→ **What to do**
Of all the lines below, return only those starting with the line holding "GORGEOUS PURPLE Rhinestone" and going on through the line holding "A copper engraving", exactly as written.

→ **Working data**
---------------
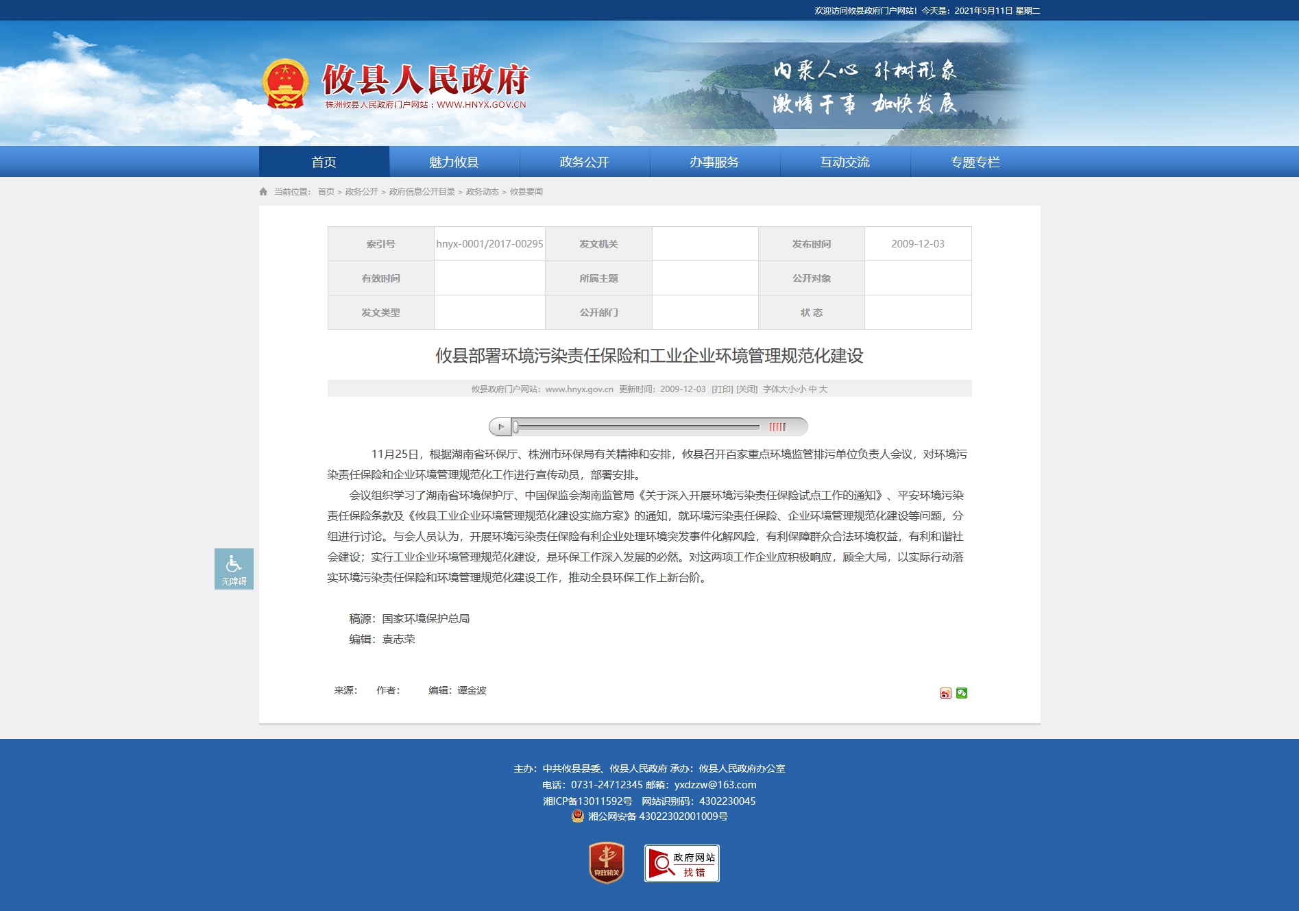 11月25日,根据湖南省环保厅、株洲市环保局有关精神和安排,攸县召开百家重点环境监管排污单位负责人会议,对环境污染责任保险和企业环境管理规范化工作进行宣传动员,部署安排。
---------------
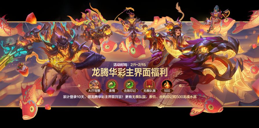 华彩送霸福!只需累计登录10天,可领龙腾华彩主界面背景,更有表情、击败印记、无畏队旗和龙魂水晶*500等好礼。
---------------
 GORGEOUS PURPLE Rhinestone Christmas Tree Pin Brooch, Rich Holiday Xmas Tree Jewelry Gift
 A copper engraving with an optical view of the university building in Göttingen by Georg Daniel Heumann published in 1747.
---------------
→ **Exercise output**
 GORGEOUS PURPLE Rhinestone Christmas Tree Pin Brooch, Rich Holiday Xmas Tree Jewelry Gift
 A copper engraving with an optical view of the university building in Göttingen by Georg Daniel Heumann published in 1747.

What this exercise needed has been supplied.